Они снова тихонько и неумело поцеловались, как двое малых ребят, и Хансен побежал за тестем, а Маро, повязав шарфик, неуверенными шагами поплелась в аул. Когда они ушли, мне оставалось только собрать удочки, взять ведерко, кинуть прощальный взгляд на озеро, где змеились пятнистые форели, и побрести домой. Голова моя болела пуще прежнего, и ко всему этому у меня разыгрывался насморк. Я сам, впрочем, не мог ответить уверенно, от насморка или от чего другого застилались мои глаза неприятной влагой.
Но мытарствам моим еще не пришел конец. Я брел тихими шагами и хотел проскользнуть мимо двери Хансена, когда заметил сухонькую фигурку в платке, поджидавшую моего прихода. Скользнуть мимо было нельзя. В темноте сухая, шершавая рука схватила меня за руку, и я увидел «бумажную ведьму». На желтом, выцветшем лице ее желтые глаза светились фосфорическим блеском, как у кошки. Она заговорила, обдав меня запахом чеснока и гнилых зубов; слова следовали необычайно быстро друг за другом, а пальцы ее, как когти, сжимали мне руку. Честно ли это? Прилично ли это? Пусть пан доктор сам рассудит. Девушка приличных родителей вешается на шею никому другому, как чужому мужу, да еще подчиненному человеку. Им некуда деваться, у них все отняла война, и дом, и родину, и землю, а то бы они тотчас же отказались от места. Пусть пан доктор передаст это профессору, пока не случилось чего похуже. И если его дочка дорожит волосами своими, лучше бы ей держаться теперь подальше… Так, приблизительно, переводил я хриплую речь старухи. Она шипела незнакомыми словами, цеплялась и свистела ими возле моих ушей, и я, чувствуя себя совершенно несчастным и беспомощным, принужден был поставить ведро на пол.
— Дайте ему свободу, — сказал я наконец, выдергивая свои пальцы из ее рук, — вы видите, он полюбил другую. На что он вам теперь?
— Полюбил другую, а, полюбил другую! Сегодня можно одну подвести к аналою, а завтра полюбить другую, а через неделю — третью? Где такой закон? Человек не пыль дорожная, чтоб летать вместе с ветром. Скажите пожалуйста, полюбил? Что ж теперь жене делать, на улицу пойти? да она и этого не может, больна. Она для него рожала, для него муку вытерпела, из-за него здоровья лишилась. Вот теперь бы ему и показать, что есть муж. Не постельник, не кавалер, а друг, первая защита, покров и очаг. Ему бы теперь на руках ее носить, ноги ей целовать за муку, а не шляться с бесстыдными вертихвостками, которым своего мало, на чужое глаза пялят. У-у-у, наглое твое сердце… Филипп, ты куда? Стой, ни с места!

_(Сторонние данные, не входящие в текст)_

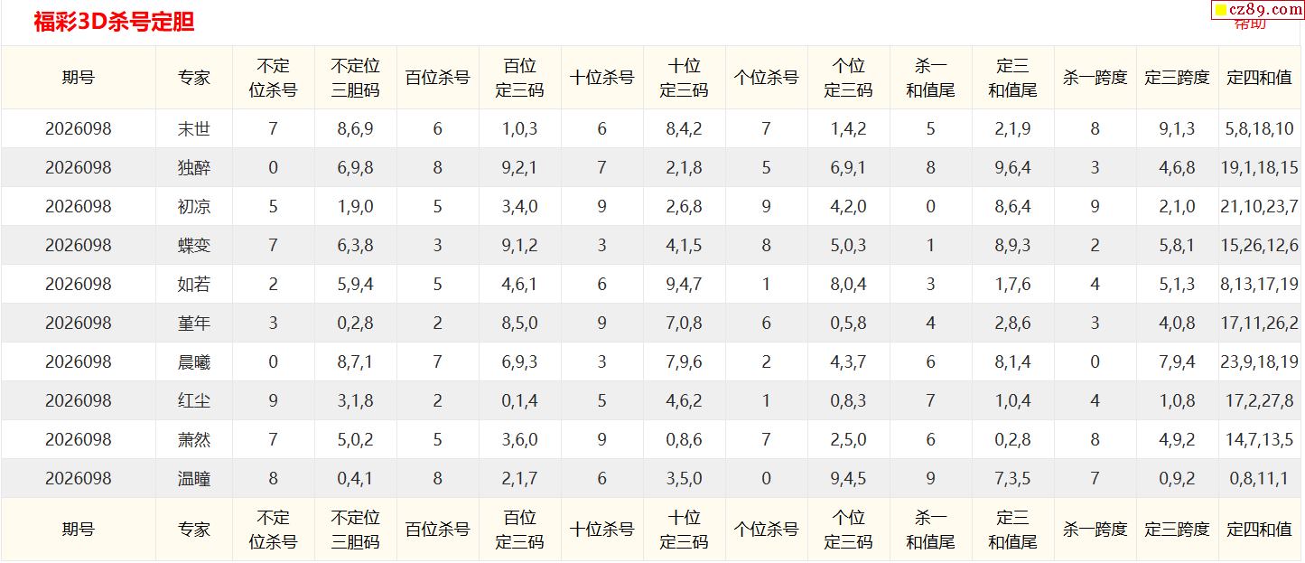 26年098期彩宝贝专家福彩3D杀号定码图表

Перед нами был бледный Хансен, с закушенной губой и блестящим, гневным взглядом. Он остановился, притворив за собой дверь.
— Мамаша, не срамитесь, сию минуту войдите в комнату:
— Так ты мне о сраме говоришь, зятек? Ловко сказано, кланяюсь тебе за ловкость. Скажите, каков пан! У своей, у этой, научился. Да я тебя, такого, своими руками по щекам проучу, слышишь ты? Я пойду искать управу, я всему свету про твой позор накричу.
— Успокойтесь и войдите в комнату! — Голос его был хриплый.
— Да пошел ты, щенок, — расходившись, взвизгнула «бумажная ведьма», — сам бы сокрылся от людей. Не рви мне рукав, не тронь. Говорю, — вон, сию минуту вон от меня! — Она подняла руку и со всей силы ударила Хансена по щеке.
— А, так, — медленно произнес Хансен, выпуская ее рукав. Он был смертельно бледен.
Я воспользовался свободным проходом и, бросив ведро внизу, поспешил к себе. Гадко было у меня на душе, гадко и недоуменно. В такие минуты лучше не обсуждать свершившегося. Да и голова болит так, словно ее давят тысячи обручей. Я взял свой пульс и с сокрушением увидел, что у меня поднялась температура. Больной, взбудораженный, с неприятной резью в горле, я забрался на диван, хотел было читать, по смог лишь трястись от порывов страшного, долгого озноба.